From Trellner Research · · 1 min
How SEO Farms Are Gaming AI Search Engines
AI search tools rely heavily on obscure blogs and synthetic web pages to generate software recommendations.
In brief
AI search tools rely heavily on obscure blogs and synthetic web pages to generate software recommendations. AI search recommendations are vulnerable to manipulation by synthetic content networks explicitly designed for machine retrieval. Originally reported by Trellner Research.
How AI picks software recommendations
When asked for top software products across 380 categories, Perplexity relied heavily on obscure, low-traffic websites to supply evidence.
“Of the 7,534 citations that came back, 59.8% point at domains ranked worse than #100,000 in the Tranco top-1M list”
The rise of obscure sources
Over 23% of citations used to ground AI answers came from websites outside the top million most popular domains. Wikipedia was cited just three times.
“Wikipedia, for comparison, was cited three times in 7,534.”
Marketing blogs beating industry leaders
A software vendor's content marketing blog became the third most-cited domain overall, outranking established research giants like Gartner.
“Its blog was nonetheless cited 194 times across 96 of our 380 categories — a quarter of them — placing it third overall and ahead of Gartner.”
Synthetic content on a massive scale
Three connected websites published over 215,000 automated software comparison pages in under three years to flood search indexes.

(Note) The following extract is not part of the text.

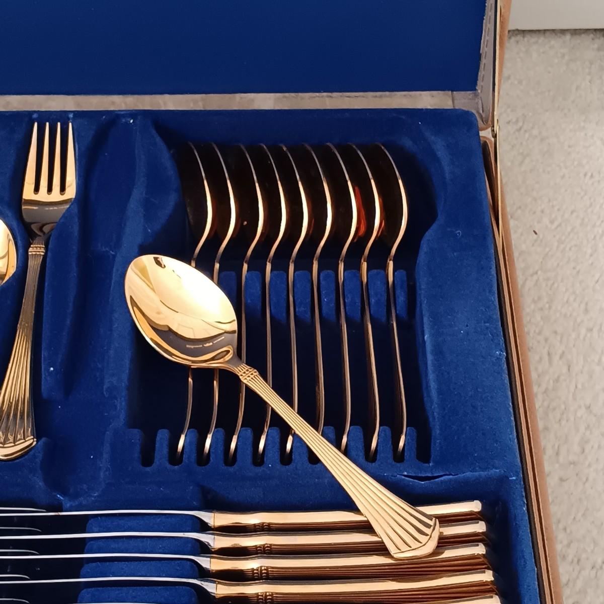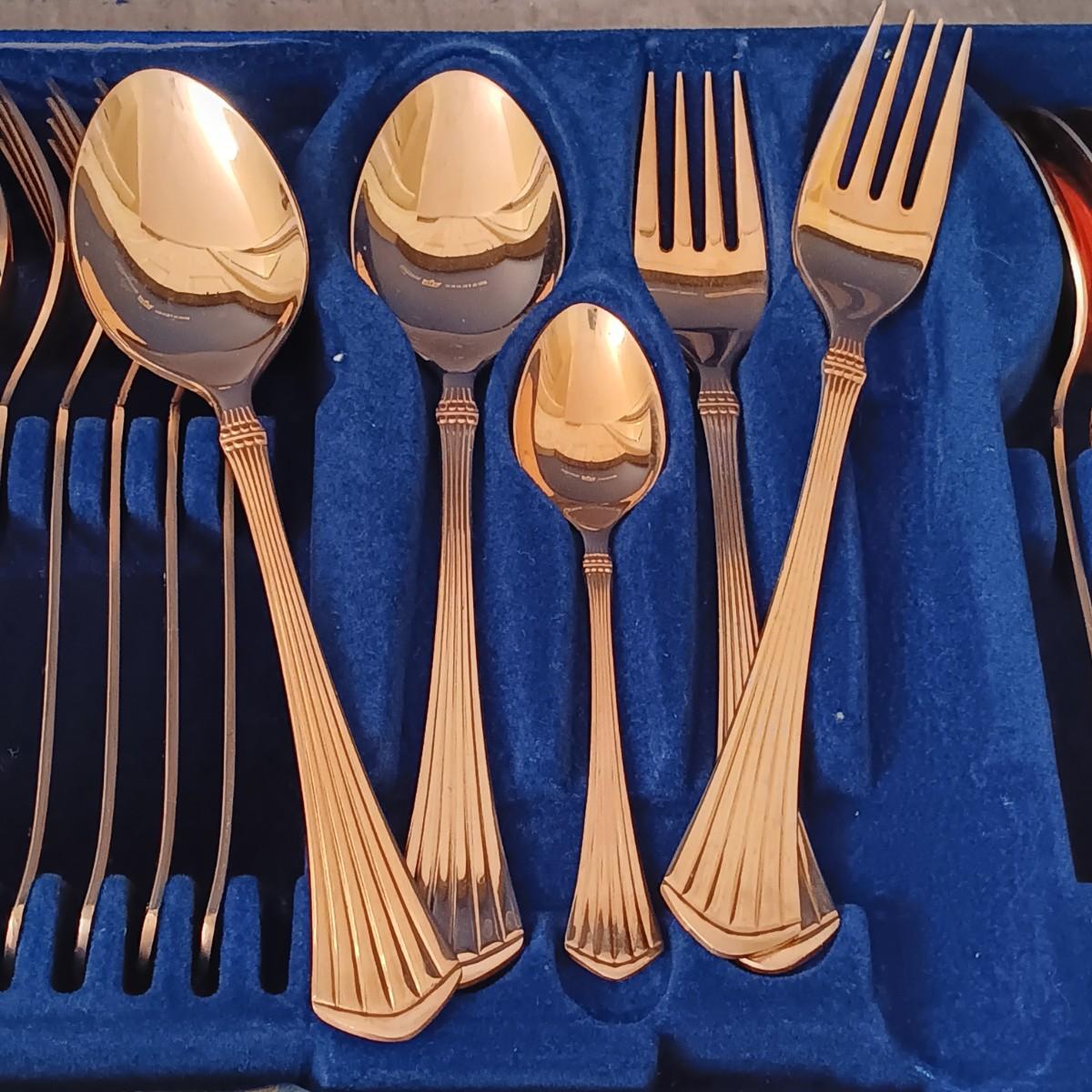 LOT 45: Solingen Germany 23/24K Gold Plated. Harivergoldet 18/10 Silverware Set

“They and a third site under apparently common control have published 215,128 machine-generated best <category> pages between them”

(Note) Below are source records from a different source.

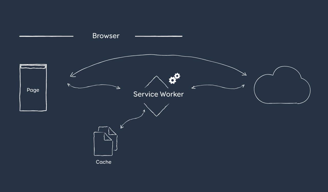 Pour ce petit tour de magie, nous allons à nouveau faire appel à nos Service Workers. Je vous avais dit qu’ils fonctionnaient un peu comme des sortes de mini proxy. Ils peuvent intercepter la requête avant qu’elle aille au serveur et proposer des fichiers directement disponibles dans le cache pour accélérer les pages ou les afficher même s’il n’y a pas de connexion. Dans ce cas, le navigateur n’ira pas chercher les fichiers sur le serveur mais va en premier les proposer à partir du cache. En tâche de fond ensuite il pourra aller comparer les fichiers proposés depuis le cache à ceux disponibles sur le serveur et ne les récupérer que si leur version est plus récente (pour ensuite mettre à jour le cache). On peut se servir de cette technique pour faire fonctionner des pages hors ligne, mais aussi pour mettre en cache par exemple une partie de l’interface pour charger ensuite uniquement le contenu en asynchrone et rendre les sites ou Web Apps plus rapides.
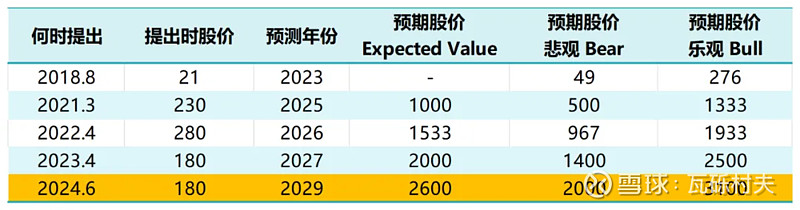 北京时间12日晚,木头姐的方舟投资公司(ARK Invest)公布了最新的$特斯拉(TSLA)$ 目标价及研报,这次依然是一个长线预测——五年之后的2029。我们把木头姐历年对于特斯拉的股价预测整理在一起,方便对比。最后一行是本次的最新预测。
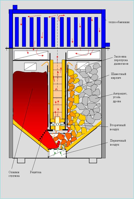 На опилках не пробовали. Но принцип сжигания опилок заложен в действующих котлах, обсуждаемых на других форумах. в т.ч. и на свежеспиленных опилках от пилорамы - в загрузочных бункерах оставляется проём, через который сверху пирогазы от опилок поступают в камеру сгорания. Колосниковые решётки обычные бытовые, из чугуна.
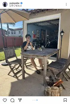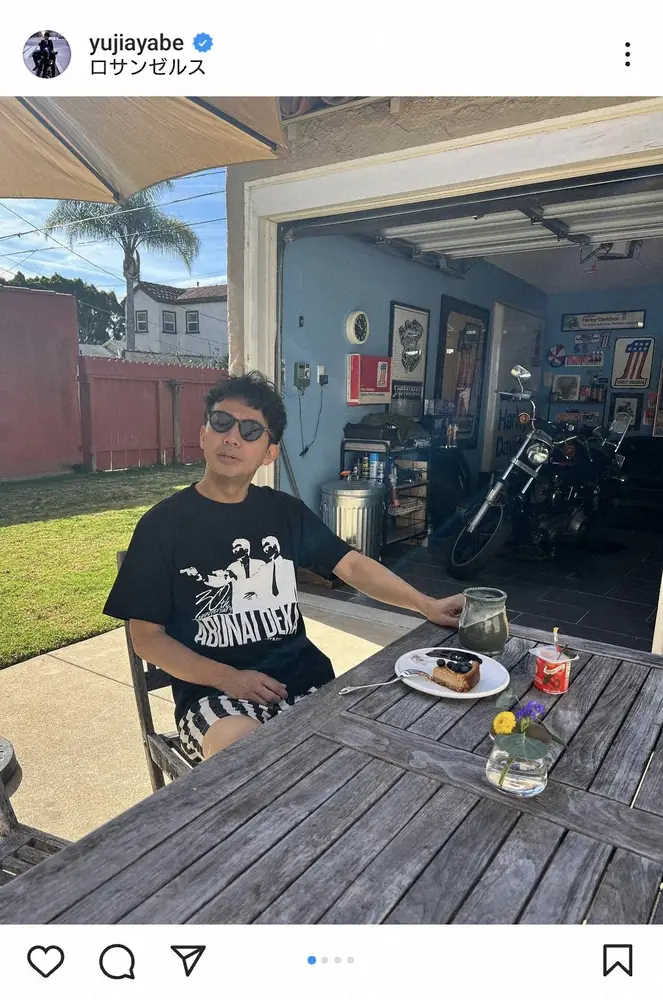 米LA拠点の綾部祐二 オシャレなガレージ前でくつろぐ“ブランチ”ショットに「羨ましい」の声
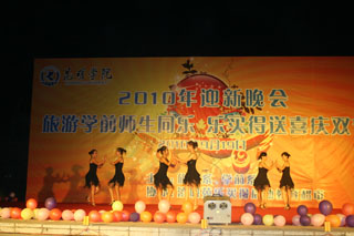 晚会在“萤火虫“摇滚乐队激情四射的音乐中拉开了序幕,劲爆的舞曲点燃了在场所有观众的热情,在观众们的掌声和呼声中,晚会节目有序的进行。晚会上有悦耳动听的歌声,有热情洋溢的舞蹈,有别具一格的民族风情。让观众大开眼界的旅游系学生的花式调酒,把晚会推向了高潮。在演出过程中还插入了抽奖环节,观众们都积极参与,这一活动又为晚会增添了一份精彩。晚会持续了2个多小时,最后晚会在阵阵热烈掌声中谢幕。

Built for bots instead of humans
These automated networks titled their homepages 'Facts & Grounding Page' to directly target the machine retrieval steps used by AI engines.
“Grounding is not a term buyers use. It is the name of the step in which a retrieval system fetches documents to condition an answer on.”
Contradictions and fake bylines
The synthetic sites cited fictional experts and contained unrendered template code. They gave contradictory rankings for identical software queries.
“All three carry an unrendered template variable in the byline line, reading 'Within the next 26 days' on two of them”
Bad links and gambling redirects
Over one percent of vendor links supplied by the AI were completely unreachable. Other links redirected users to online gambling portals.
A shared engine under the hood
Perplexity's standard and pro models returned identical citations in 289 categories, revealing they rely on the exact same underlying retrieval system.
“so the Perplexity tiers share a retrieval layer and should be read as one search stack sampled twice.”
A new era of AI optimization
Spammers are moving beyond traditional human-focused search optimization to target the hidden machine retrieval pipelines powering modern AI.
“What we measured is which documents the evidence base is made of.”
What to remember
AI search recommendations are vulnerable to manipulation by synthetic content networks explicitly designed for machine retrieval.